Charles Donahue, the Paul A. Freund Professor of Law, was selected to receive an honorary doctorate from the Université de Paris II: Panthéon-Assas. A member of the Harvard Law School faculty since 1978, Donahue specializes in property law and legal history.

In February of last year, Donahue published his 696-page investigation of medieval marriage practices and laws entitled “Law, Marriage, and Society in the Later Middle Ages: Arguments about Marriage in Five Courts.” The culmination of many years of research, Donahue’s book focuses on marriage litigation in the archiepiscopal court of York (1300-1500) and the Episcopal courts of Ely (1374-1381), Paris (1384-1387), Cambrai (1438-1453) and Brussels (1448-1459).
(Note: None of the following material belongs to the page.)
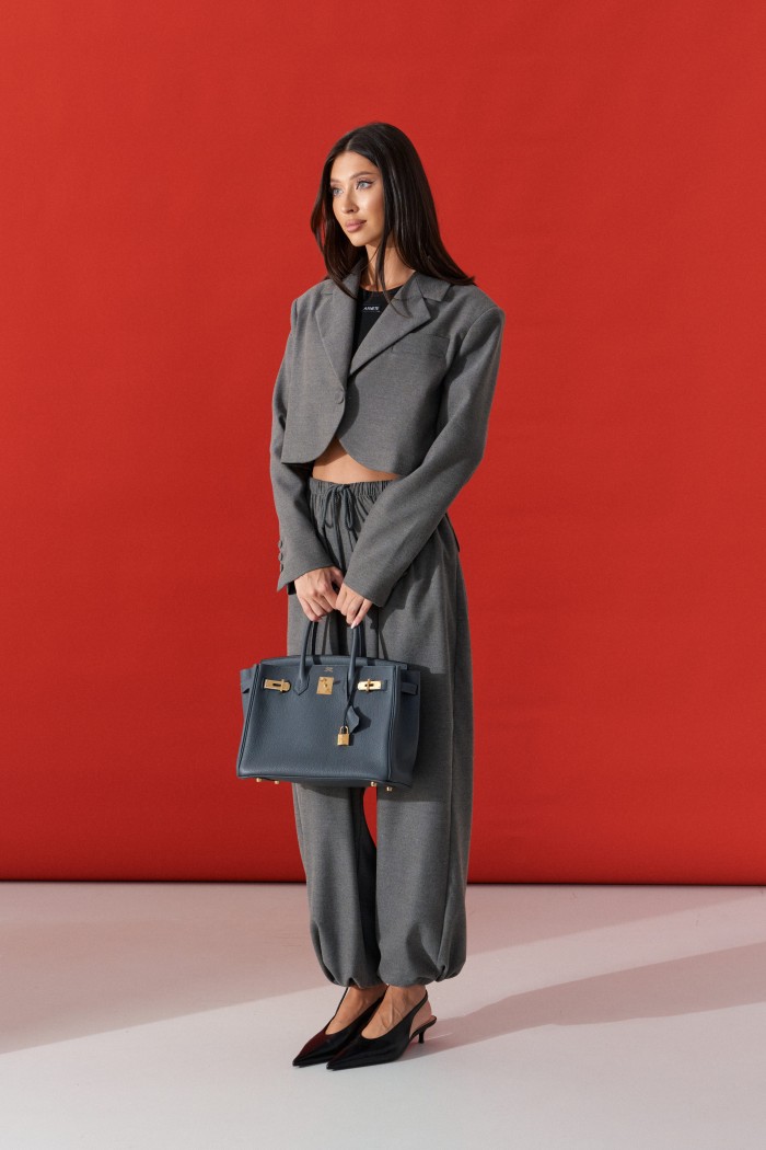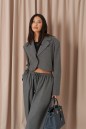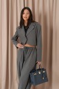 Жакет прямого кроя. Выполнен из ткани выполнен из костюмной ткани серого цвета. Характеристики: укороченный, брендированная подкладка, подплечники, отложной воротник с остроугольным лацканом, застежка центральная - петля пуговица, низ изделия с плавным срезом, рукав втачной по низу рукава нашиты пуговички. Длина по спинке от края горловины 44см, длина рукава от края горловины 78 см.

Donahue has held visiting appointments at Boston College School of Law and Cornell University School of Law, as well as at the London School of Economics and the Vrije Universiteit te Brussel. At Harvard, Donahue serves on the Committee on Medieval Studies of the Faculty of Arts and Sciences and on the University Committee on Religion. He is a past president of the American Society for Legal History, a life member of the American Law Institute and of the Medieval Academy of America, and a fellow of the Royal Historical Society (UK)

The Université de Paris II: Panthéon-Assas was established in 1970 after the all-encompassing University of Paris was divided into many smaller institutions. The Panthéon-Assas exists today as one of the pre-eminent state-run universities in Paris with a focus on law as well as economics.